Your goal —
Please print, exactly, only the lines in the entries below from the line that has "무더운 여름, 땀으로" through the line that has "Pink White Unique". Pictures don't go in.

─── Task input ───

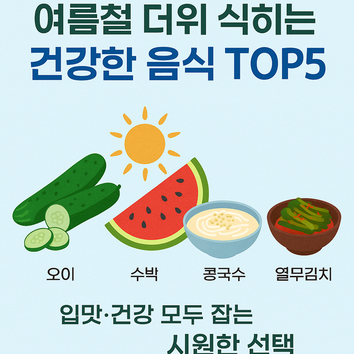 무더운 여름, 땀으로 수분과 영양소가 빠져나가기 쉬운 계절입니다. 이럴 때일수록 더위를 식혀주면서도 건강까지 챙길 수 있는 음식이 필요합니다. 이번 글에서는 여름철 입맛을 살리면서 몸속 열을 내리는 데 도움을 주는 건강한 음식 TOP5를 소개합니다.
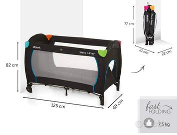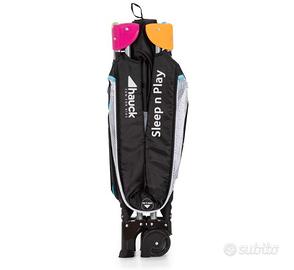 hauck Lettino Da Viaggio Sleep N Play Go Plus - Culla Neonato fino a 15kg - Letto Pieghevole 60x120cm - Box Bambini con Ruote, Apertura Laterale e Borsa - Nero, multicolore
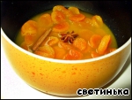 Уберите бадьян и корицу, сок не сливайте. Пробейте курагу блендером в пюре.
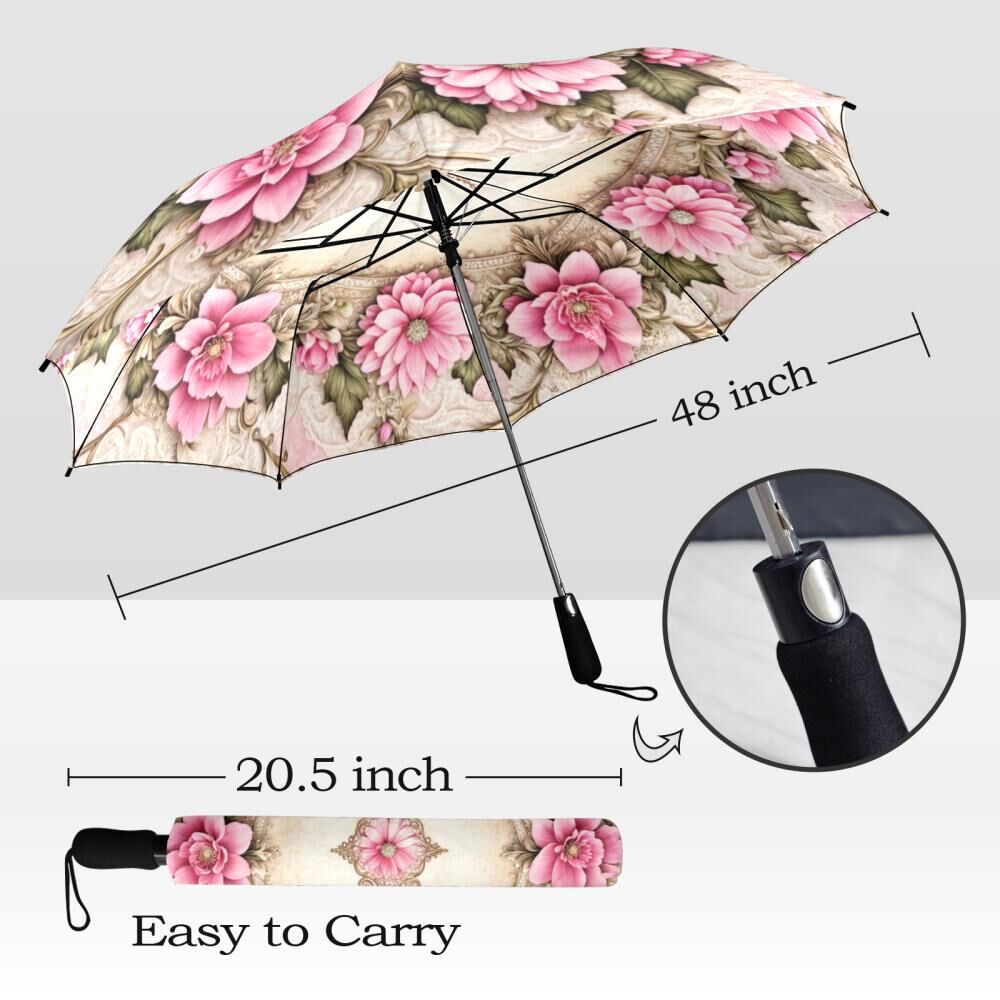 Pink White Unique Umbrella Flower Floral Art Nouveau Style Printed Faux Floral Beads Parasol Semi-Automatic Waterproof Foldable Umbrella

───
─── Task input ───

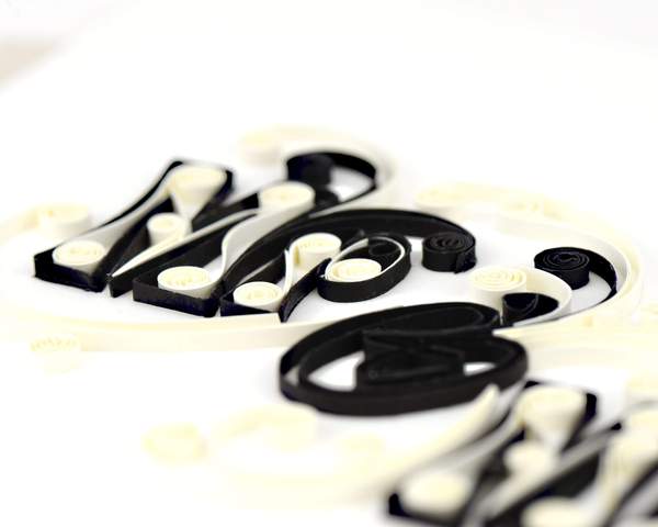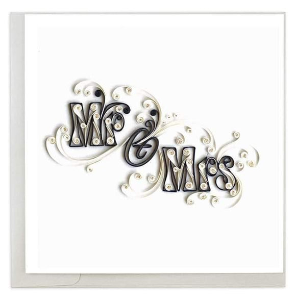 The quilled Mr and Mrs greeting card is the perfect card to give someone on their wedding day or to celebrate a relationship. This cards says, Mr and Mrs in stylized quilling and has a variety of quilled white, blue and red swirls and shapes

───
─── Task input ───

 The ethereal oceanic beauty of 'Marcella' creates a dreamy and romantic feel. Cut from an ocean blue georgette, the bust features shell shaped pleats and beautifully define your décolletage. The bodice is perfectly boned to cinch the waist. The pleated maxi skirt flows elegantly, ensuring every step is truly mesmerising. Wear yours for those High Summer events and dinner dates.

───

Problem solution —
 무더운 여름, 땀으로 수분과 영양소가 빠져나가기 쉬운 계절입니다. 이럴 때일수록 더위를 식혀주면서도 건강까지 챙길 수 있는 음식이 필요합니다. 이번 글에서는 여름철 입맛을 살리면서 몸속 열을 내리는 데 도움을 주는 건강한 음식 TOP5를 소개합니다.
 hauck Lettino Da Viaggio Sleep N Play Go Plus - Culla Neonato fino a 15kg - Letto Pieghevole 60x120cm - Box Bambini con Ruote, Apertura Laterale e Borsa - Nero, multicolore
 Уберите бадьян и корицу, сок не сливайте. Пробейте курагу блендером в пюре.
 Pink White Unique Umbrella Flower Floral Art Nouveau Style Printed Faux Floral Beads Parasol Semi-Automatic Waterproof Foldable Umbrella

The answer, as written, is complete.